From the first line to the last, return the data exactly, with no pictures.

= = = =

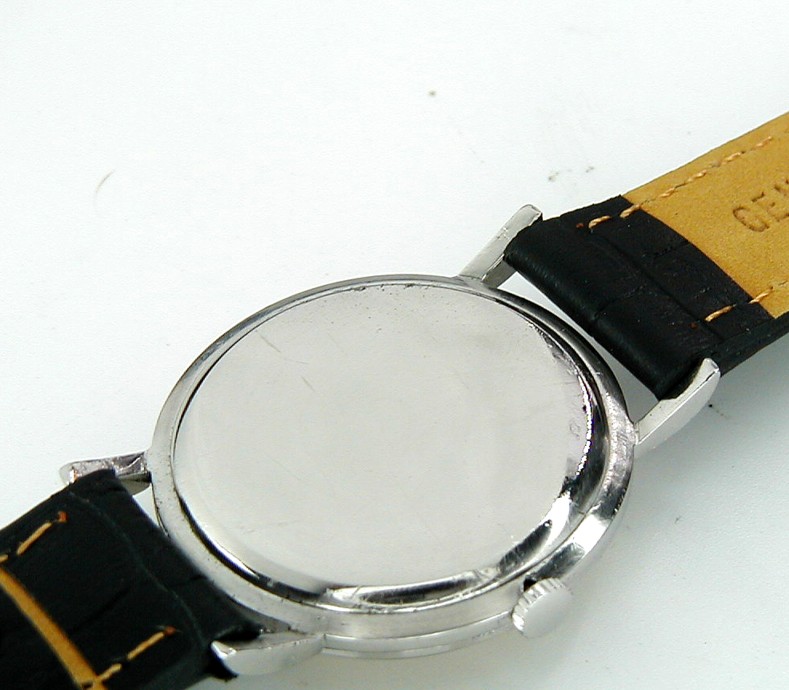 Signed on the inside of the back "Chromium plated". From lug to lug this case is
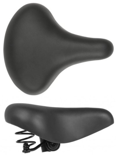 Sedlo široké s pružinami Rozměr: 245 x 210mm S podsedlovým zámkem Ocelové vzpěry Hmotnost: 594g Barva: černá Balení: servisní v sáčku
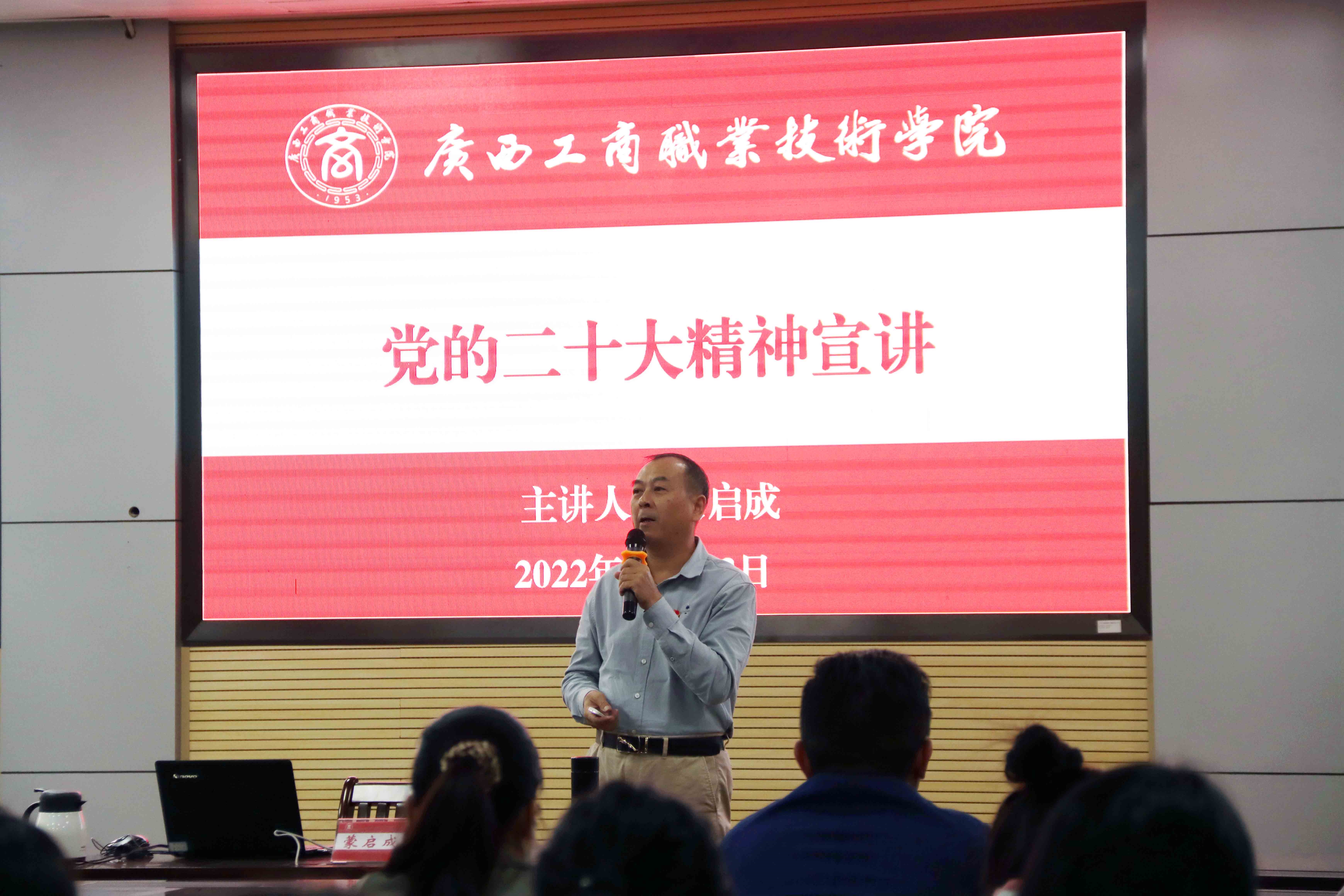 • 2022年11月23日,學院黨委副書記蒙啟成在鵬飛校區(qū)2119會議室為經貿學院師生作黨的二十大精神宣講,經貿學院全體教師及學生代表參加會議,經貿學院黨總支書記王桂玲主持會議。會上,蒙啟成副書記從“關于黨的二十...
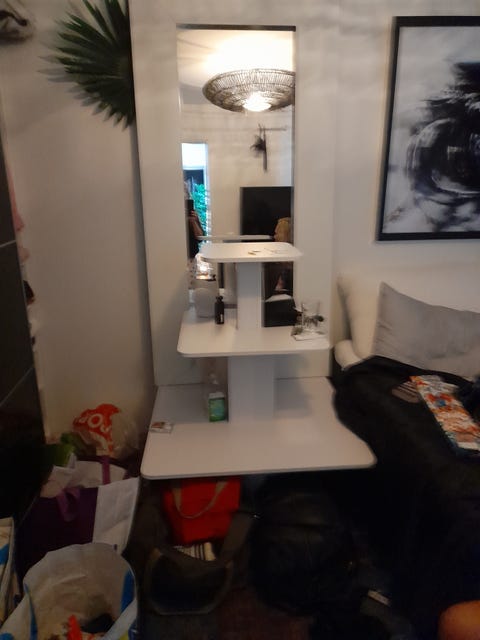 Høy glass hylle gis bort
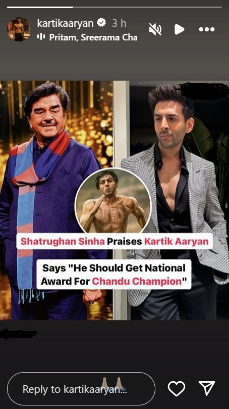 वहीं, अभिनेता शत्रुघ्न सिन्हा ने भी हाल ही में एक इंटरव्यू में कार्तिक आर्यन की तारीफ की है। सिर्फ इतना ही नहीं, बल्कि उन्होंने एक्टर के लिए नेशनल अवॉर्ड तक की मांग कर डाली है। अब 'चंदू चैम्पियन' एक्टर ने भी एक पोस्ट शेयर करते हुए उनका शुक्रिया अदा किया है।

= = = =

Result for this task
 Signed on the inside of the back "Chromium plated". From lug to lug this case is
 Sedlo široké s pružinami Rozměr: 245 x 210mm S podsedlovým zámkem Ocelové vzpěry Hmotnost: 594g Barva: černá Balení: servisní v sáčku
 • 2022年11月23日,學院黨委副書記蒙啟成在鵬飛校區(qū)2119會議室為經貿學院師生作黨的二十大精神宣講,經貿學院全體教師及學生代表參加會議,經貿學院黨總支書記王桂玲主持會議。會上,蒙啟成副書記從“關于黨的二十...
 Høy glass hylle gis bort
 वहीं, अभिनेता शत्रुघ्न सिन्हा ने भी हाल ही में एक इंटरव्यू में कार्तिक आर्यन की तारीफ की है। सिर्फ इतना ही नहीं, बल्कि उन्होंने एक्टर के लिए नेशनल अवॉर्ड तक की मांग कर डाली है। अब 'चंदू चैम्पियन' एक्टर ने भी एक पोस्ट शेयर करते हुए उनका शुक्रिया अदा किया है।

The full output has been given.